Without changing a thing, reproduce the entire listing and leave out its pictures.

▶ **Stored data**:
○ ○ ○ ○ ○

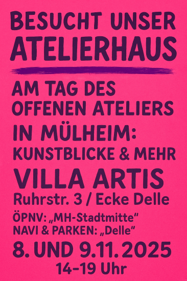 9.11.25 in Mülheim: TAG DES OFFENEN ATELIERS in der Villa Artis - Ruhrstr. 3 / Ecke Delle - Stadtmitte
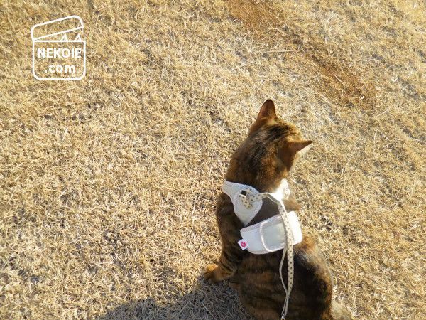 彼はわが家の猫たちの中では珍しく、自ら玄関に行き「外を歩きたい」とねだる子で、時々こうしてつれだしています。
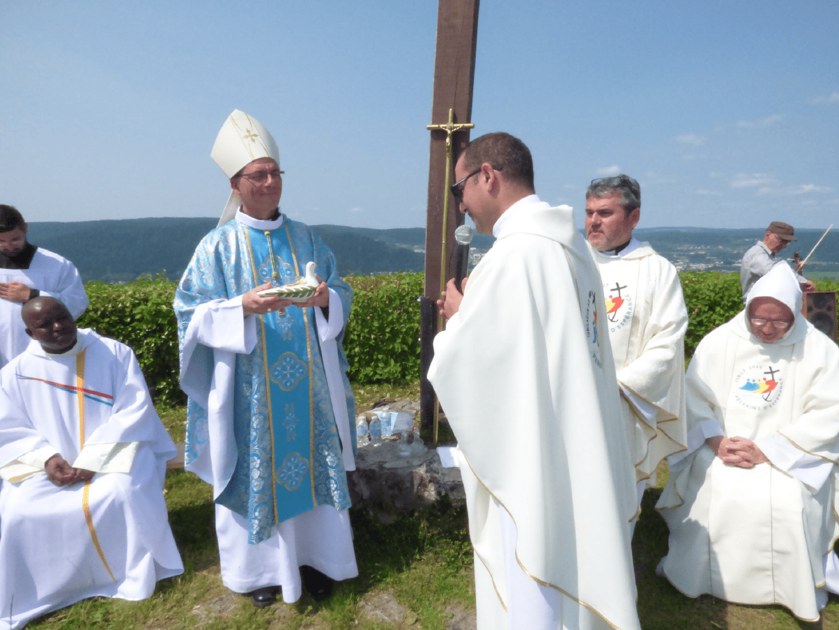 - Remise de la colombe à l’Evêque

○ ○ ○ ○ ○

▶ **Result**:
 9.11.25 in Mülheim: TAG DES OFFENEN ATELIERS in der Villa Artis - Ruhrstr. 3 / Ecke Delle - Stadtmitte
 彼はわが家の猫たちの中では珍しく、自ら玄関に行き「外を歩きたい」とねだる子で、時々こうしてつれだしています。
 - Remise de la colombe à l’Evêque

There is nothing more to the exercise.